De Nederlandse regering houdt vast aan het verbod op prijsdiscriminatie bij telecom- en internetdiensten. Dat schrijft het ministerie van Economische Zaken in antwoord op vragen van de Eerste Kamer. De Eerste Kamer behandelt de wijziging in de Telecommunicatiewet die de Europese verordening omzet. De PVV-fractie in de Senaat heeft nog vlak voor de zomervakantie enkele vragen gesteld over de richtsnoeren van Berec en de mogelijke gevolgen van juridische procedures.
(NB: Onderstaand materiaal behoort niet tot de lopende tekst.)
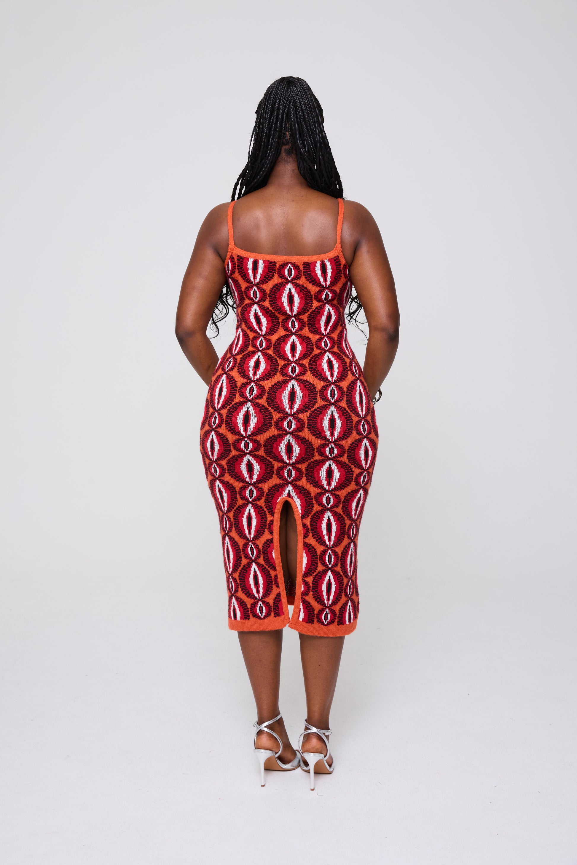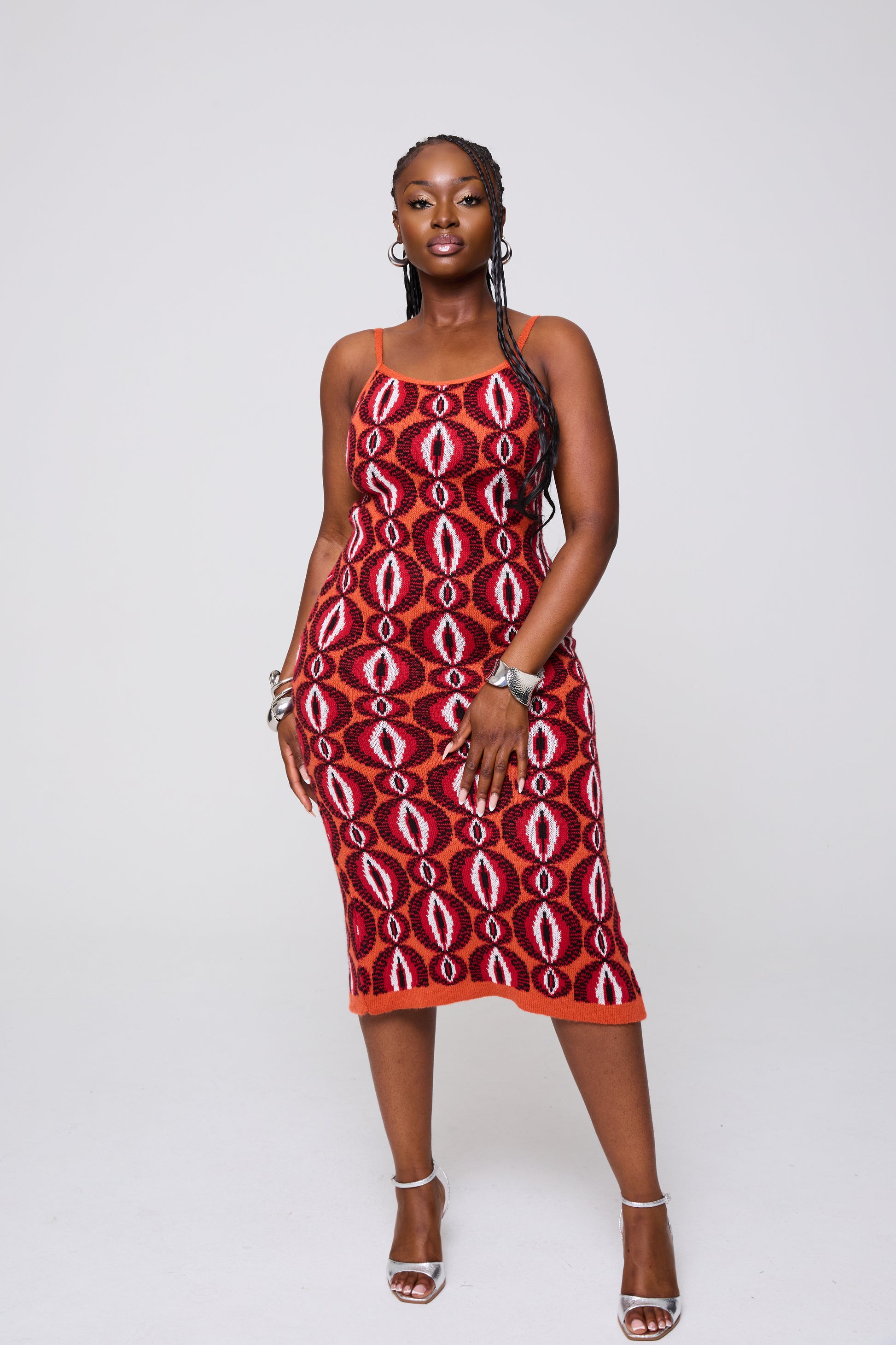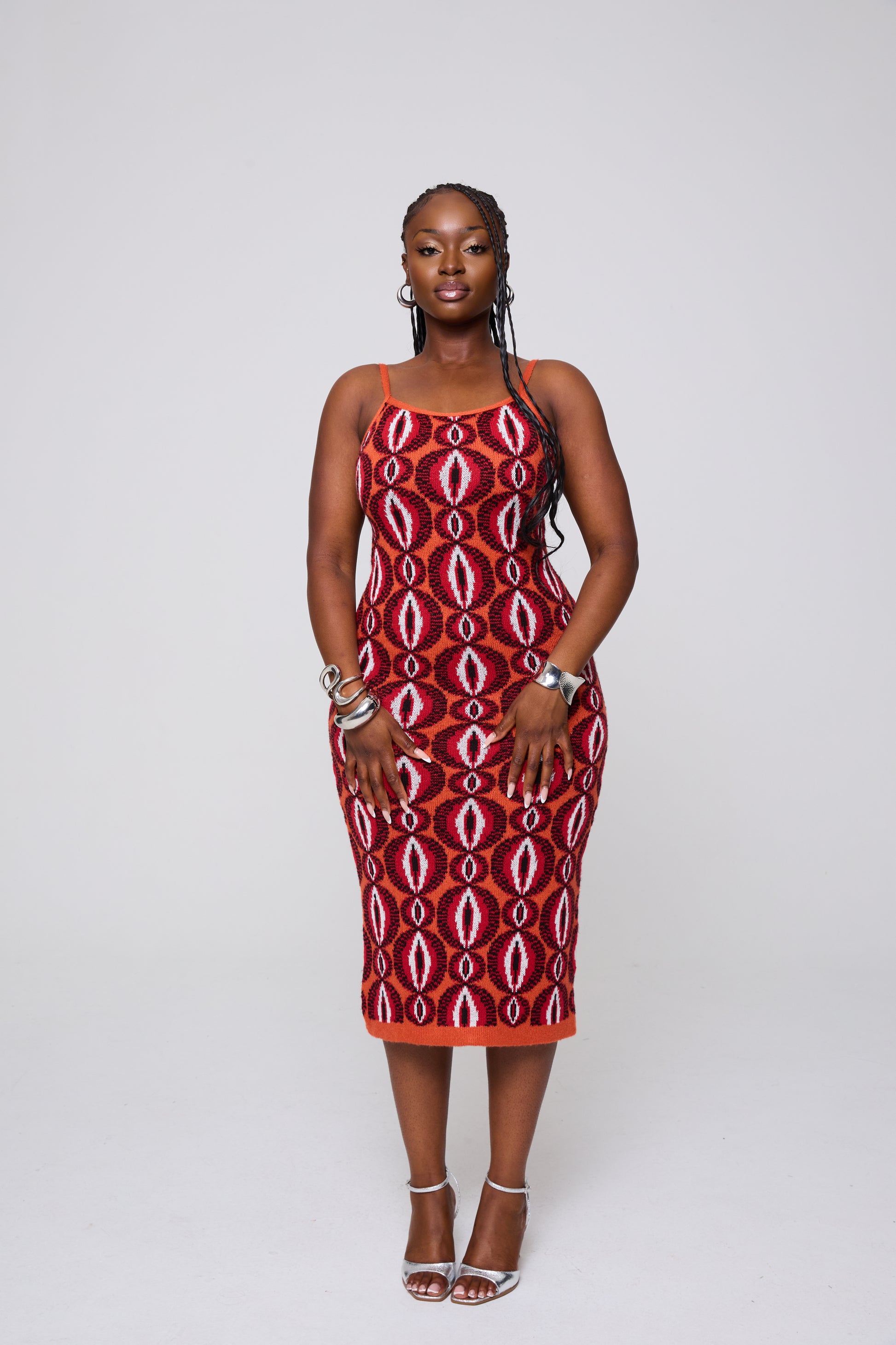 Step into effortless elegance with this bold two-piece knitwear set, crafted with signature Grassfields artistry. The fitted midi dress hugs your curves while the cropped button cardigan adds structure and versatility.
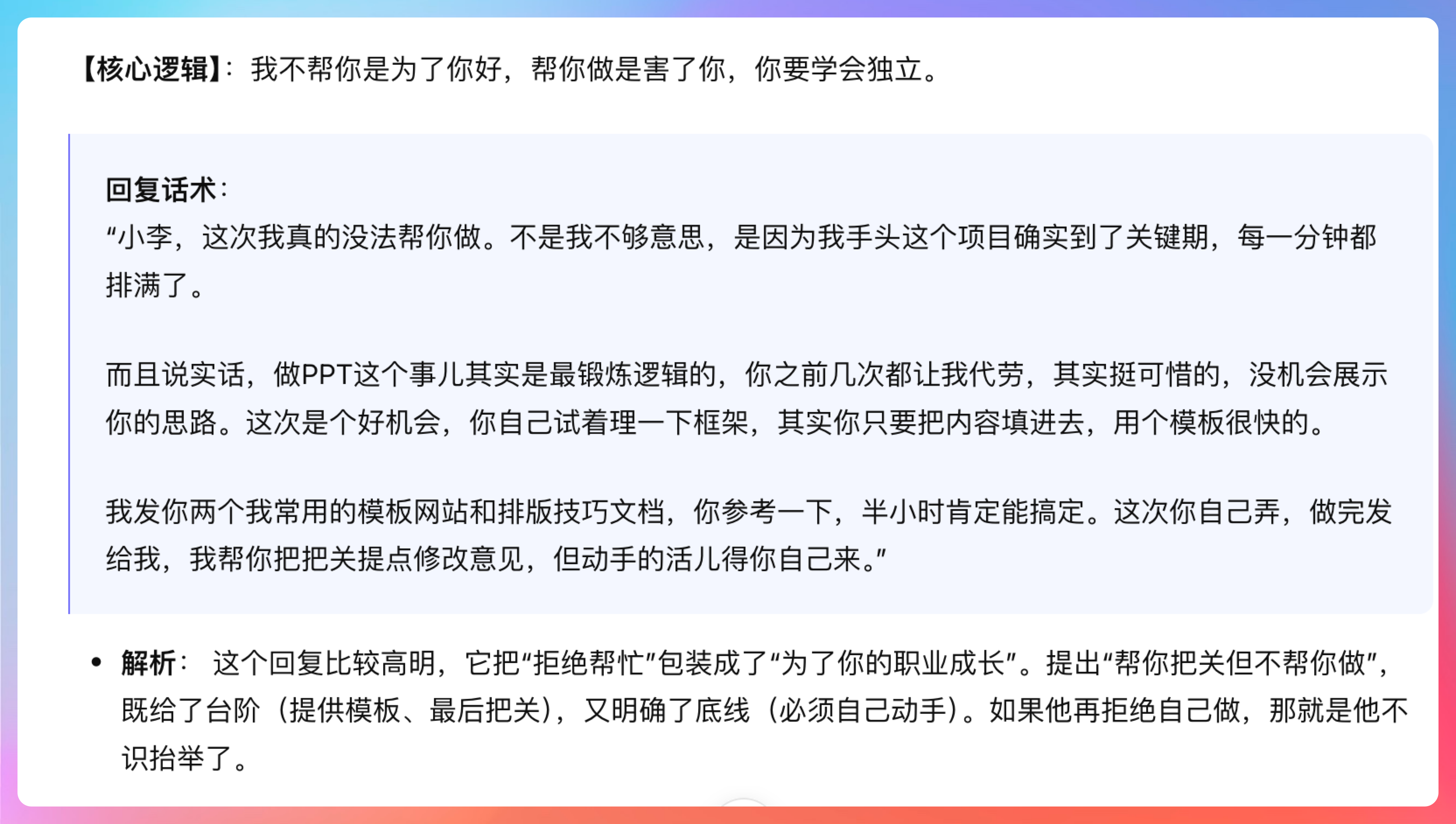 场景:你正在赶一个重要项目,同事小李跑过来让你帮他做一个PPT,说"反正你做PPT快,帮我弄一下吧"。
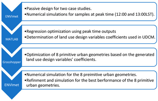 While ENVI-met is regarded as a reliable and validated microclimate simulation tool at early urban design stages, it doesn’t support bigger climate scales’ simulations with regard to the city and regional scales which can be generated through field measurements in order to either project them in future with consideration to climate change scenarios, downscale them in order to generate recent weather files or couple different climate scales models’ generated by them, the work of Li, H., et al., is just an example not to mention [122,123]. On the other hand, microclimate simulation tools have limitations with regard to computational optimization of urban form designs according to environmental conditions. Even after implementing most of its new options in the Grasshopper canvas through Dragonfly plugin [124] to generate required model and simulation files. This connection has two main advantages: (1) significantly reduces time required for modelling and simulation setup processes, especially when investigating several microclimate models. (2) facilitates the ability to import complex and non-traditional building 3D shapes into ENVI-met spaces. However, retrieving simulated readings and generating microclimate maps are executed manually after finishing the simulations. Hence, parametric microclimate and outdoor comfort simulation tools are regarded as the most suitable alternative for urban form optimization process. Yet these tools have their own shortcomings regarding computational power, user experience and the credibility of the simulation outputs.
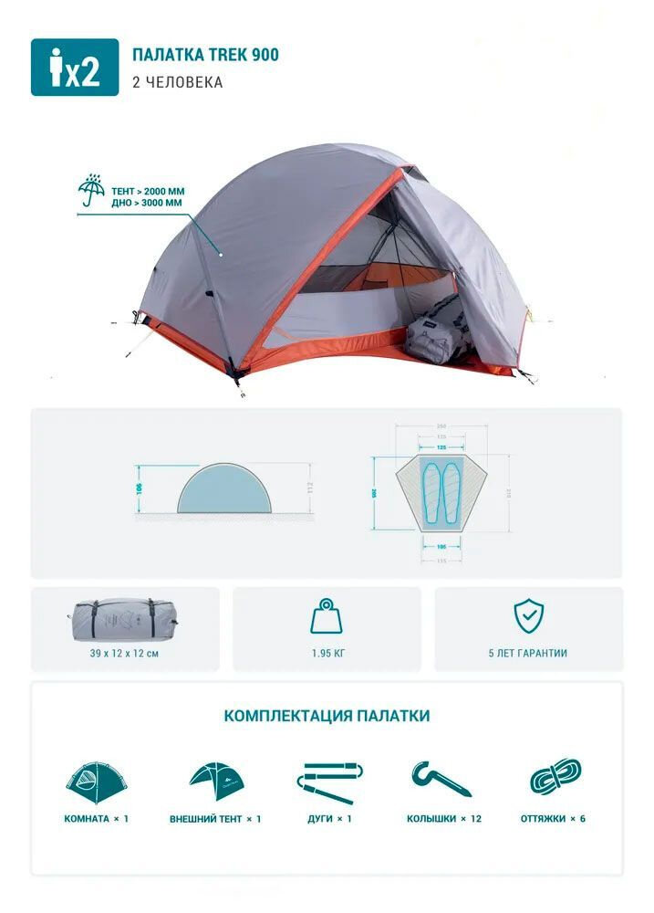 Палатка треккинговая 3-местная 3 сезона trek 900 серая FORCLAZ интересное:
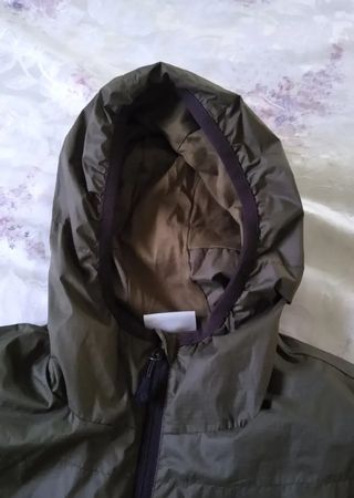 cazadora chubasquero corto con capucha y bolsillos talla S
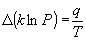 Definición de temperaturaSupongamos que transferimos una cantidad de calor q al sistema y como consecuencia una partícula pasa del nivel Ej al nivel Ek, q=Ek-Ej. El número de micoestados P cambia, la relación ahora es El cambio en P que experimenta el sistema cuando le transferimos una pequeña cantidad de calor q depende solo de q, y no de la disposición de los niveles de energía, de cuantos niveles de energía hay accesibles, del espaciado entre los niveles, o si es una o más partículas las que cambian de nivel. Tomando logaritmos neperianos llegamos a la expresión equivalente
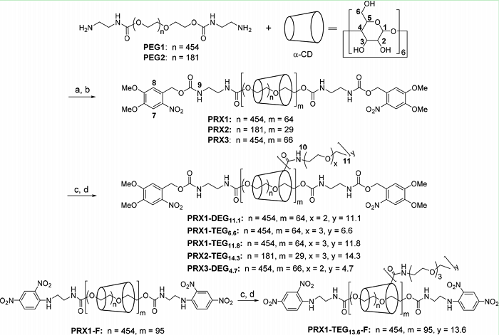 环糊精聚轮烷由于其合成简单,生物相容性好和易于官能化等特点,被广泛应用于生物医药领域。各类环糊精聚轮烷衍生物相继得以报道,特别地,甲基化环糊精聚轮烷具有特征的温度敏感行为,但其相变区间通常较宽,且回复滞后性明显。尽管已有报道采用寡聚烷氧醚修饰聚轮烷以调节其水溶性和细胞内化效率,但获得的PRX衍生物仍具有较宽的相变温度范围,滞后行为则鲜有研究。此外,聚轮烷拓扑结构对温度敏感行为的影响也尚不清楚。

EZ bevestigt dat marktpartijen naar de rechter kunnen gaan en dat dat wel eens lang kan gaan duren, zeker als een zaak bij het Europees Hof komt. Die doorlooptijden zijn een punt van zorg in een dynamische telecommarkt.
EZ schat in dat Nederland inderdaad strenger zal zijn dan sommige andere landen. Berec is tegen negatieve prijsdiscriminatie, maar wijst positieve prijsdiscriminatie niet op voorhand af. “Het lijkt er meer op dat in een groot deel van de andere lidstaten anders wordt aangekeken tegen positieve prijsdiscriminatie in het algemeen”, schrijft minister Kamp. Dit kan ertoe leiden dat de Europese Commissie een inbreukprocedure begint tegen Nederland. Nederland ziet die ruimte voor positieve discriminatie echter niet en zal daaraan vasthouden.
EZ heeft deze nadere memorie van antwoord geschreven vóórdat Berec haar definitieve richtsnoeren heeft gepubliceerd. De definitieve versie van die – niet bindende – richtsnoeren bevat inderdaad geen absoluut verbod op positieve prijsdiscriminatie, ofwel zero-rating. Zowel Berec als de Europese Commissie bevestigt dat er dus verschillen kunnen ontstaan tussen landen. Berec gaat echter niet over nationale wetgeving. De Europese Commissie kan nog geen standpunt innemen over de Nederlandse wet, aangezien die nog in de Eerste Kamer moet worden afgerond.
De Eerste Kamer heeft netneutraliteit geagendeerd voor de commissievergadering van 13 september.